I don't know whether I'm breaking copyright or anything or whether this is 100% relevant, but I found this topic on Pistonheads :

http://www.pistonheads.com/gassing/topic.asp?t=204516&f=137&h=0

The last reply however is relevant - does anyone here have any ideas on this ?

 
Yes

They are talking about two separate issues.

Blue smoke on start up is quite common on cold starts, particularly if the the engine didn't warm up when previously started and is nothing more than an embarrassment as it only happens when someone is watching. Happens on German boxer engines but, according to Scooby owners, not on Japanese ones. [&:]

Big cloud of smoke when moving without your engine falling out of the bottom of the car is probably your AOS. (air oil separator)
 
ORIGINAL: JCB..

Yes

They are talking about two separate issues.

Blue smoke on start up is quite common on cold starts, particularly if the the engine didn't warm up when previously started and is nothing more than an embarrassment as it only happens when someone is watching. Happens on German boxer engines but, according to Scooby owners, not on Japanese ones. [&:]
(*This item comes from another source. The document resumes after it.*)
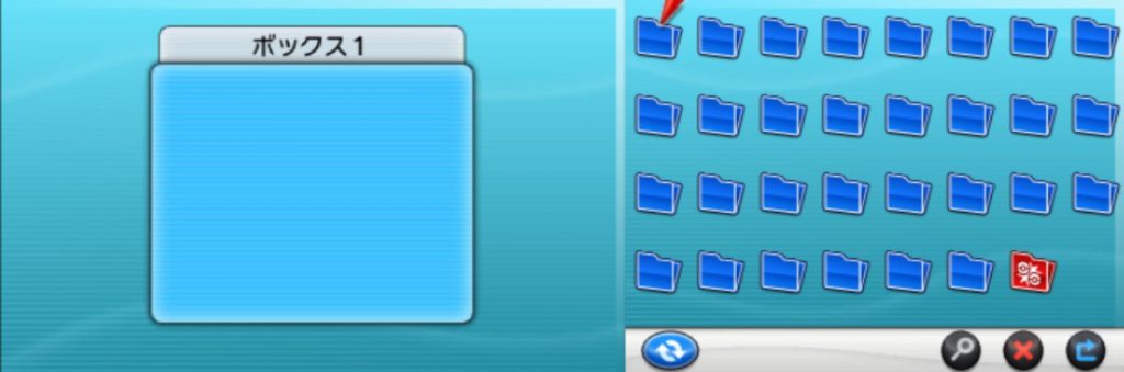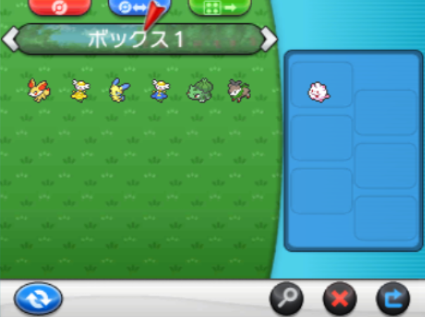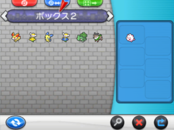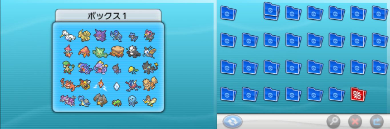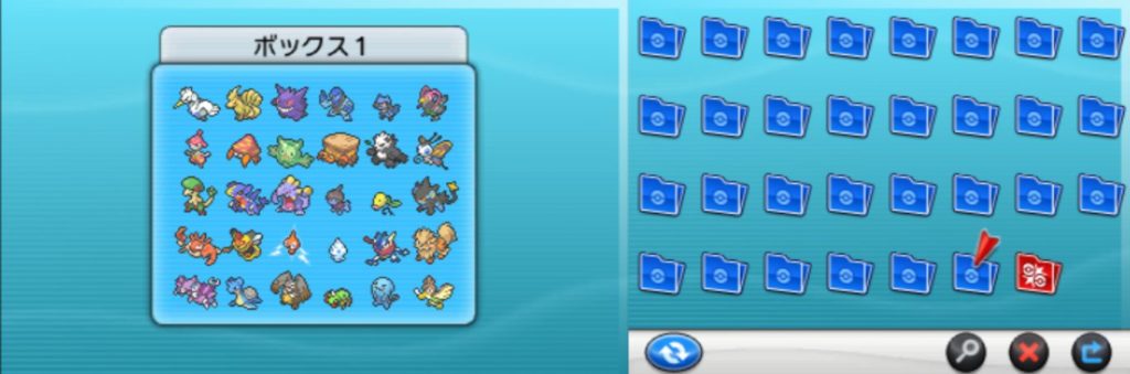 2. ボックス1に特定するソフトがおやである適当なポケモン6匹を上から順に詰めて並べ、ボックス1を開いたまま閉じる。ボックス2は空のままにしておく。準備が出来たらレポートをかき、一度L+R+Selectでリセットする。そのままゲームを開始し、その場で再度レポートをかいてからゲームを終了する。

Big cloud of smoke when moving without your engine falling out of the bottom of the car is probably your AOS. (air oil separator)
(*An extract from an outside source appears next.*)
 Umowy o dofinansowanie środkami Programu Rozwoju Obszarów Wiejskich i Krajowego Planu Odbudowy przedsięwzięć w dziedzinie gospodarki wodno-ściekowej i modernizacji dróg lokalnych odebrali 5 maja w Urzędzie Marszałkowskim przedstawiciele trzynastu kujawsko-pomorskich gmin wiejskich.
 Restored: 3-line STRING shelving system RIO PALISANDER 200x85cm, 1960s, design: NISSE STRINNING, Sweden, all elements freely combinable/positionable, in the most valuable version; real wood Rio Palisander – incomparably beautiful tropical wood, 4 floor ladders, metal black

yeah but could a failed breather allow enough oil into the bores to hyro-lock it?
 
Just thinking.......if a load of oil was dumped in the inlet manifold it would run down into any cylinder that had inlet valves open and back out of any cylinder that also had exhaust valves open. So, any cylinder that had just inlets open would fill up with oil (1, 2 & 5 in this case) and oil would go straight through through any cylinder that had exhausts and inlets open.

Any cam timing experts who could tell me if 1, 2 & 5 can be on valve overlap at the same time?

On this car there was significant amounts of oil in the exhaust system but what i'm struggling with is that a failed breather could dump so much oil into the inlet so quickly

Any thoughts welcome
 
[
ORIGINAL: mikeymike

2002 2.7 car with 45k miles. Started running rough, then cleared, then rough again then lots of smoke then it cut out, all in the space of 2 mins. Coasted to a halt and tried to restart but wouldn't turn over. Recovered to dealer who removed and started to strip engine and discovered that 1, 2 & 5 bores were full of oil which was hydro-locking it. They can't find any mechanical problem and best guess is a faulty breather. Plan is to rebuild engine and fit new breather. I'd be a lot happier if I had a bit of broken metal in my hand as I struggle to see how a breather could dump so much oil into the inlet. There was some evidence of oil in the inlet but not huge amounts although it did stand over a weekend before going to the dealer. Anyone got any ideas?

Up-date"¦"¦..

Engine was rebuilt with new breather and when started was rattling. Striped down again and main bearings are damaged, small end cracked and pistons distorted all due to initial hydro-lock. Dealer say engine uneconomic to repair and suggest new engine which will cost close to what the car is worth. Porsche have been approached for assistance and said no.

Plan is now either park it outside the dealer with sign relating story or get second hand engine.